他觉得再让路鹤里这么扭下去,他的大脑血管就要爆裂了。
“卧槽。”路鹤里冷不防被人提起来扔进了沙发,一脸懵逼,在混杂喧闹的环境里,不得不贴近了他的耳朵大声喊,“你也太入戏了,这是要演霸王硬上弓?经过老子同意了吗?”
热气一下一下喷在耳际,暧昧的灯光在眼前忽明忽灭,江焕急促地喘着粗气,喉结上下狠狠一滑。
要不是指甲死死地掐进大腿里,疼痛给混沌的大脑带来了一丝短暂的清明,他险些就要把这人按倒在沙发,不要命地吻上去。
他甚至控制不住地想把自己身上的白衬衫撕下来,然后把这人严严实实地兜头裹住,连一寸皮肤、一节骨骼,都不能让旁边这些不怀好意的目光侵犯到分毫。

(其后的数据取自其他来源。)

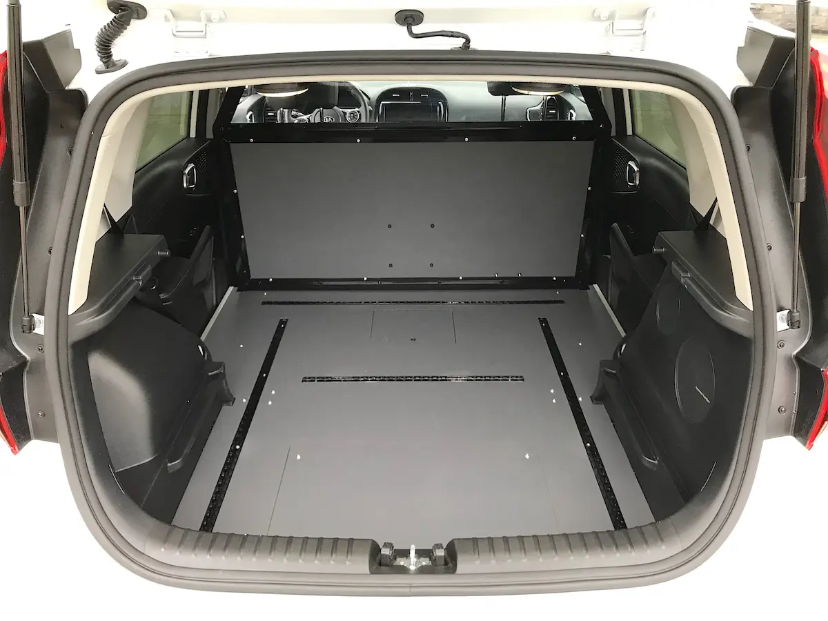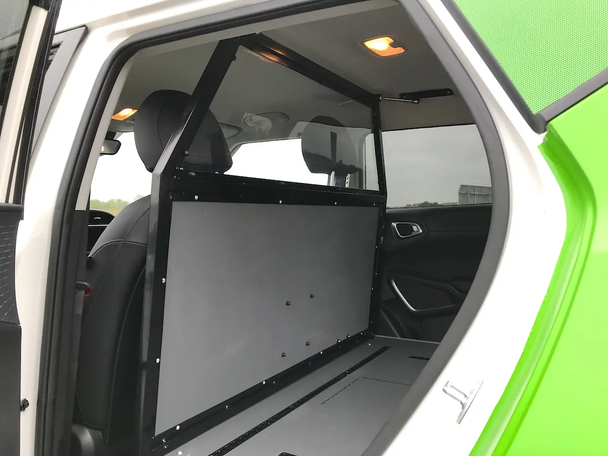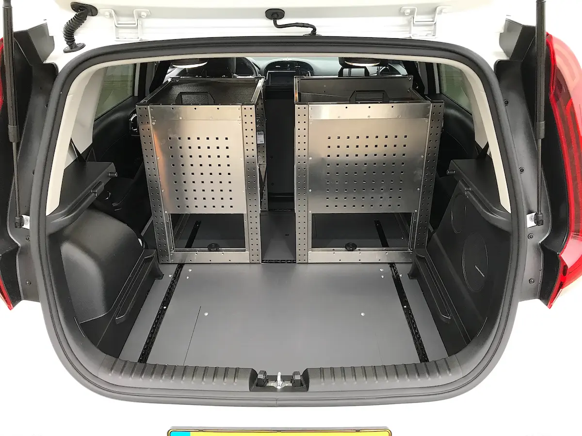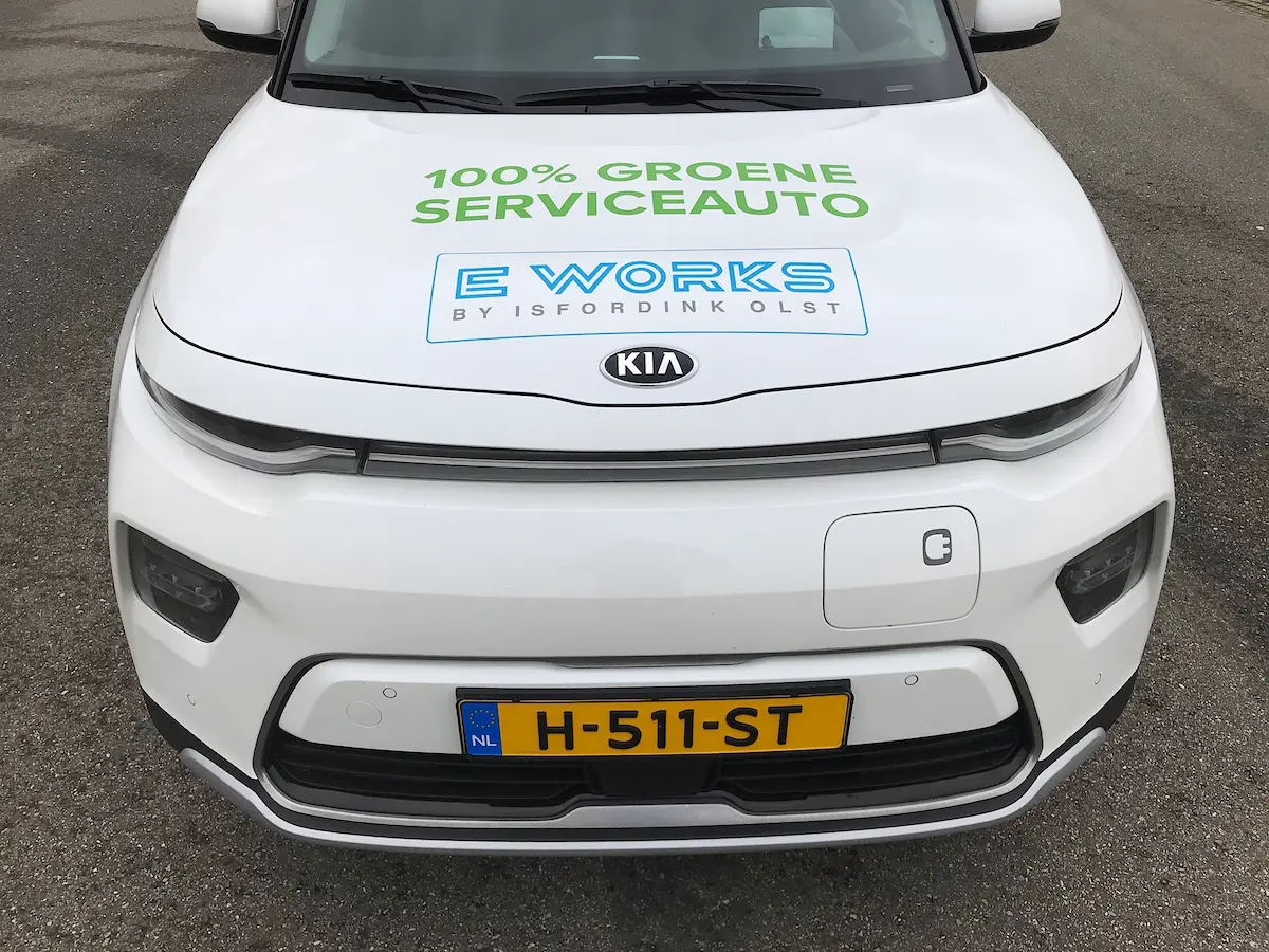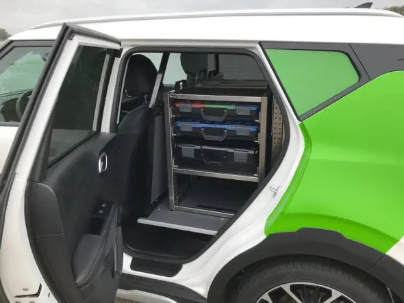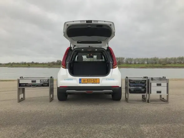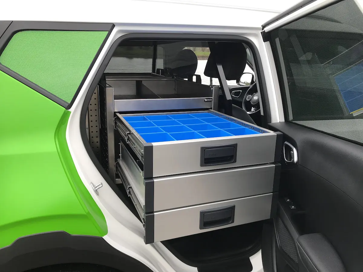 In samenwerking met Isfordink Olst bedrijfswageninrichting wordt een full elektrisch Kia e-Soul personenwagen vakkundig omgebouwd tot een bedrijfswagen met een laadruimte van liefst 1,35 m2. Het veilige scheidingsrek tussen de laadruimte en de voorstoelen zorgt voor een goede bescherming van de bestuurder en bijrijder.

谁的眼珠子敢往路鹤里的身上转一下,他就想冲上去把人脖子扭断。
江焕用杀人目光扫视全场时,路鹤里还以为他的暴躁是由于不喜欢这种场合,于是他拍拍江焕的肩膀,在震天的音乐声中提高了音量:“能不能专业点?你一个Alpha还怕被人占便宜啊?”
江焕一双赤红的眼睛恶狠狠地瞪着他,一副随时要跳起来暴走的样子。
路鹤里「嘶」了一声,不自觉地向旁边挪开了半米,做出一个投降的手势:“行行行,不勉强你了,你在这待着,我去。”
“你去哪?”江焕厉声问。
路鹤里从兜里夹出那张VIP会员卡,在江焕眼前晃了晃,又朝吧台努了努嘴,看来是打算去吧台试探一下。
江焕瞥了一眼,从卡座到吧台这一路,起码有二十双眼睛在盯着路鹤里,他的太阳穴又开始突突跳。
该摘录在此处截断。